Political rivals in upcoming elections have also knocked Hochul over the secretive process behind the deal and the opportunity costs involved. “Western New York continues to be an incredibly supportive environment for the Bills... But that support doesn’t need to come at the expense of other key investments,” reads an April 1 op-ed in the Times Union by New York City Public Advocate Jumaane Williams, who is running for governor. Moderate gubernatorial candidate Rep. Thomas Suozzi of Long Island has called for legislative hearings on the matter and for the release of more details on how the stadium would be financed. Republican gubernatorial front-runner Rep. Lee Zeldin has said he supports public funding for a stadium, but claimed he would have secured better terms.
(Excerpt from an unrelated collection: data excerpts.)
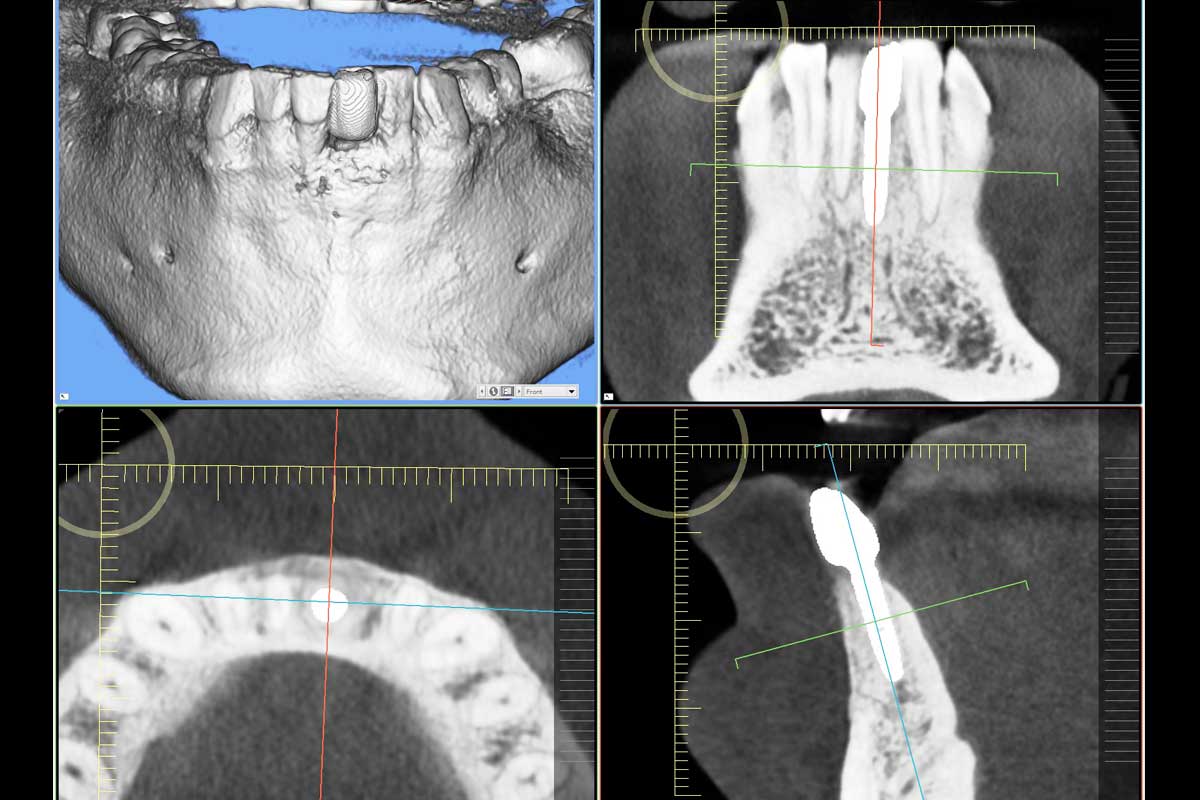 Follow-up CBCT scans taken at 4 and 9 months demonstrated stable bone regeneration and preservation of the ridge contour in its natural formĀ on the buccal side where the membrane was placed. Deeper placement of the implant initially would have been better. Satisfactory closure of the initial gingival recession was achieved despite minimal mucogingival intervention.
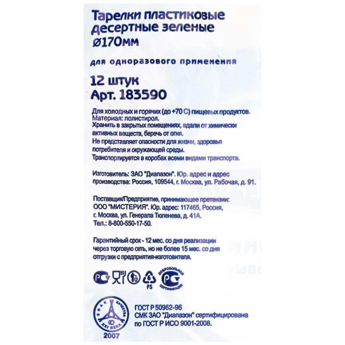Тарелки одноразовые диаметр 17 см зеленые 60 штук Мистерия
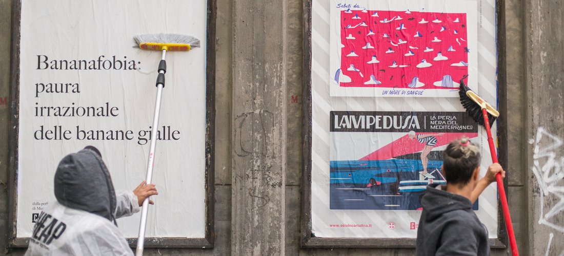 A breve distanza dall’ultimo intervento bolognese, CHEAP torna alla carica con un nuovo progetto, questa volta incentrato su un altro bel temone non da poco. Il progetto si chiama “Saluti dal Mar Mediterraneo” e tutti i manifesti affissi in via Irnerio nella capitale emiliana fanno parte di Solo in cartolina, la campagna di denuncia contro le morti in mare lanciata da un gruppo di giovani creativi italiani per raccontare ciò che succede al largo delle nostre coste e sostenere chi ogni giorno salva le vite dei migranti.
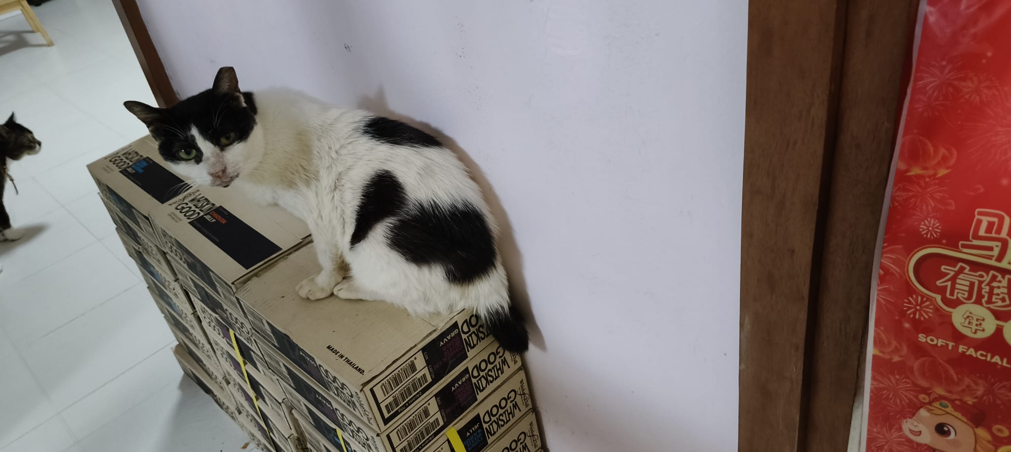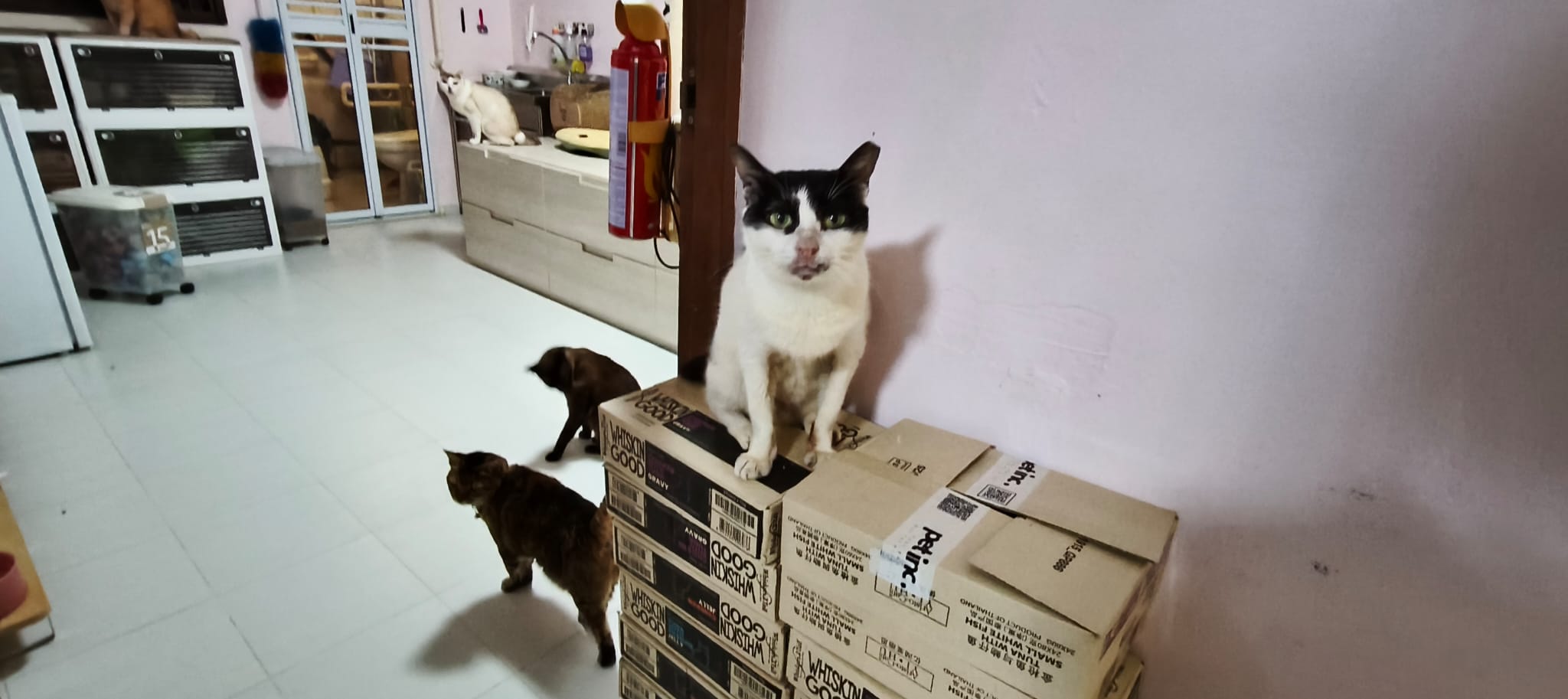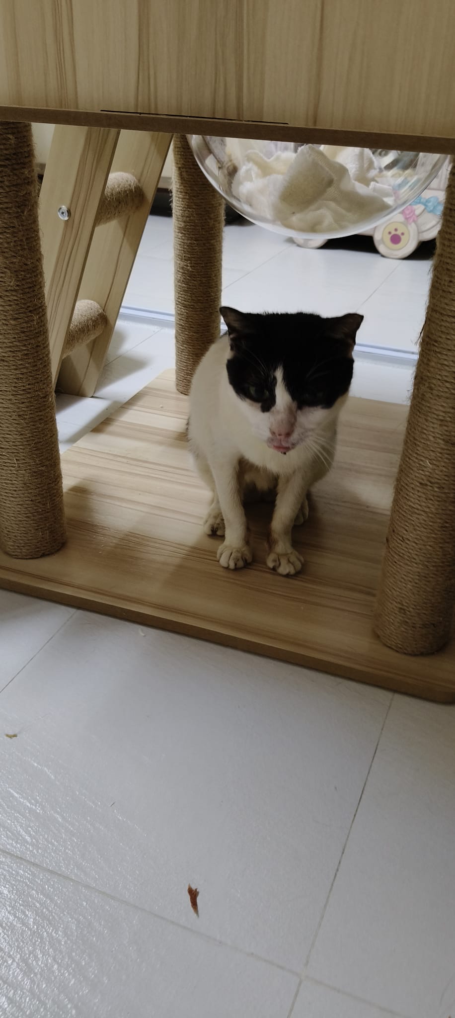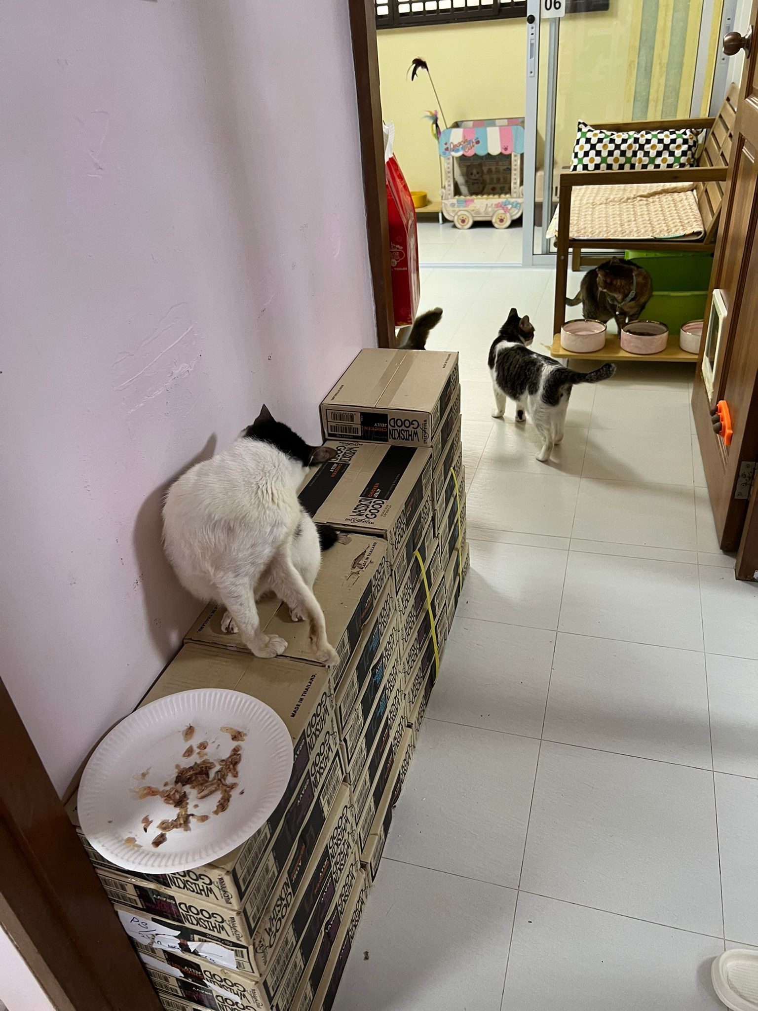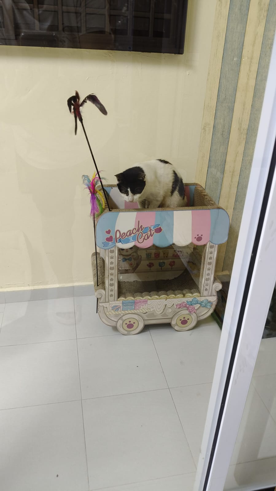 11.00am: enter 猫房 – Bai hide in the catnip toy, I sayang clean her eye, she want whack me. I sayang her neck again. – check: 9.30am jo in she alr hide here but she did come out to eat on the floor. She got sit on top of the ctn food

A final budget deal could include stadium funding, but the political costs are clearly mounting for Hochul, who is now entangled in a fight with the Seneca Nation over gambling revenues she wants to spend on the stadium. The governor is still pushing for the Bills in budget talks to the dismay of her critics. “The Legislature must reject this deal because the Hochul/Buffalo Bills deal is bad for New York’s economy,” reads the April 1 letter from advocacy groups. “While Governor Hochul has claimed her leadership is a new era for New York, her handling of this deal is more of the corrupt Cuomo-style politics we have come to expect.”